— DATA SHOWN —
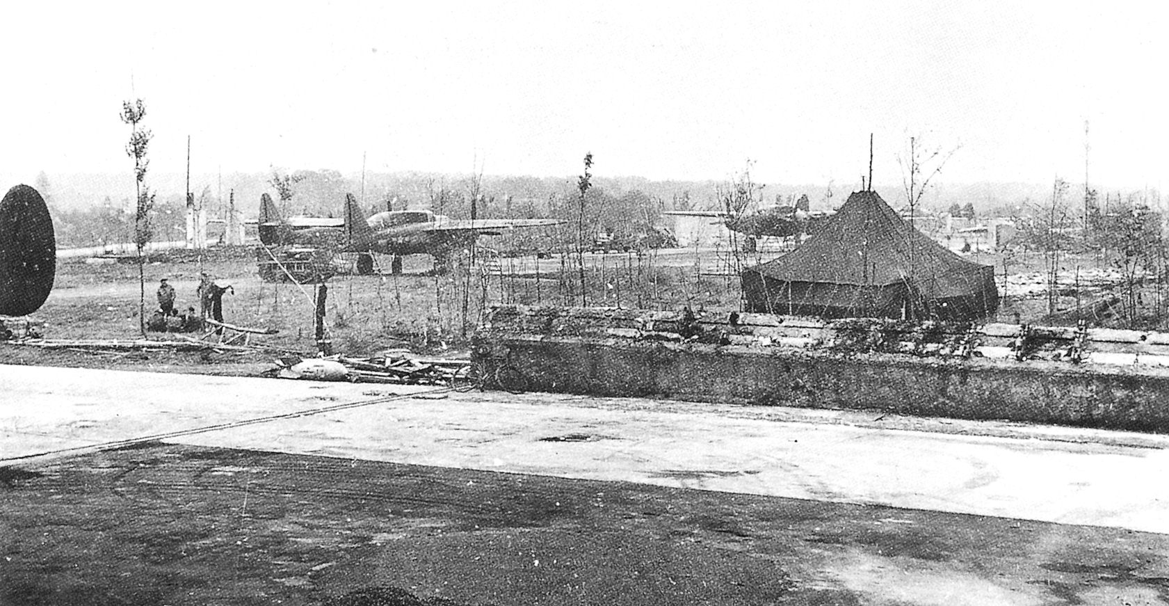 425th Night Fighter Squadron Coulommiers ALG France
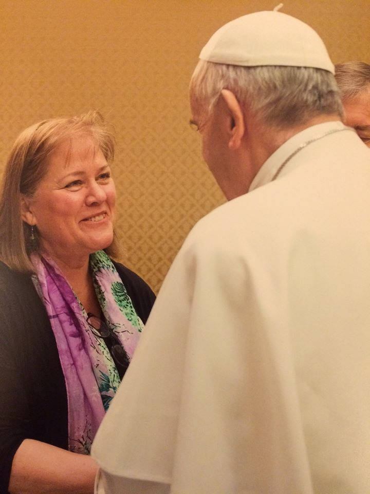 FWCC General Secretary Gretchen Castle meeting Pope Francis
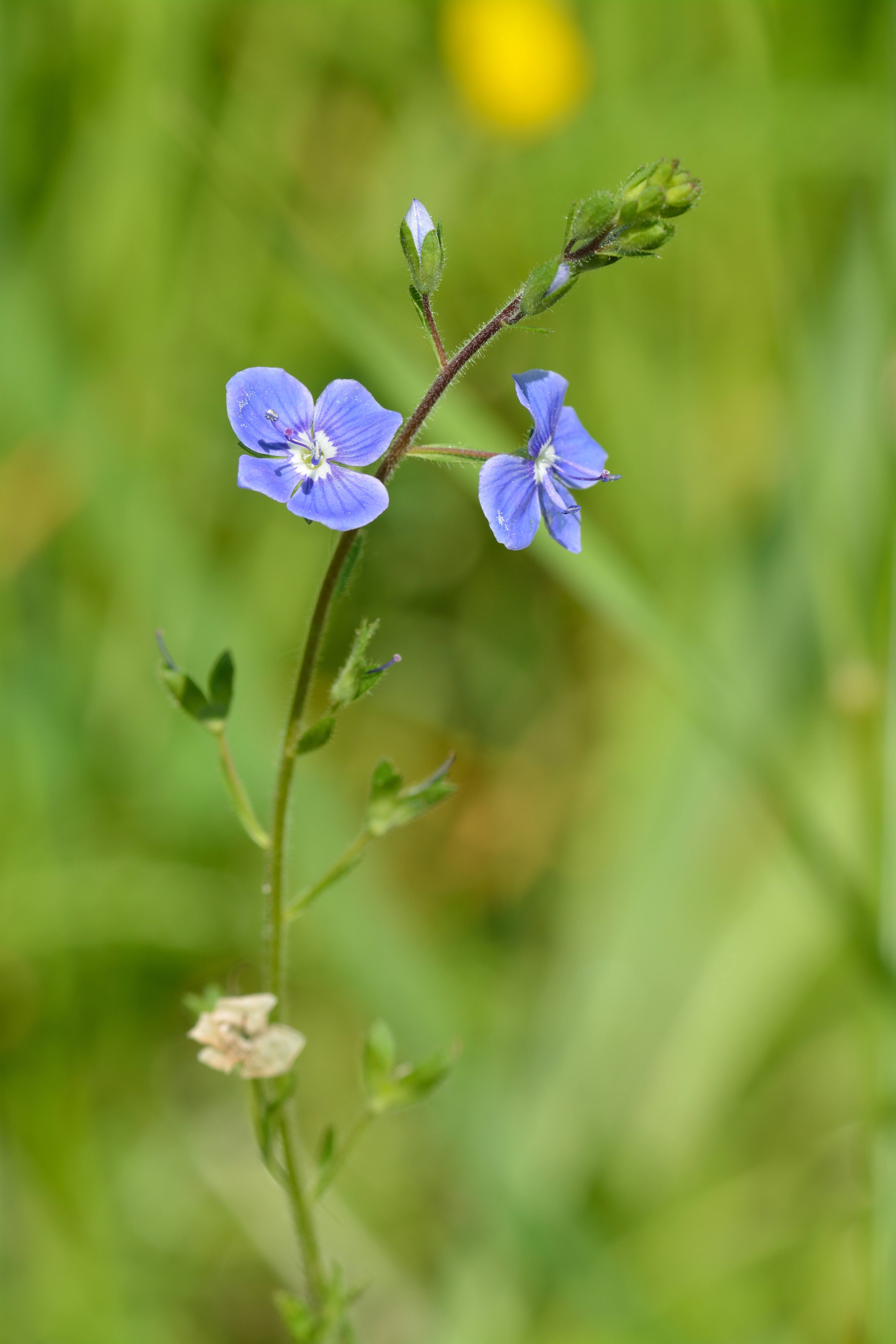 Veronica chamaedrys - Niitvälja, Northwestern Estonia

— INSTRUCTIONS TO FOLLOW —
Transcribe the whole of the data exactly, minus any pictures.

— REPLY TO THE TASK —
 425th Night Fighter Squadron Coulommiers ALG France
 FWCC General Secretary Gretchen Castle meeting Pope Francis
 Veronica chamaedrys - Niitvälja, Northwestern Estonia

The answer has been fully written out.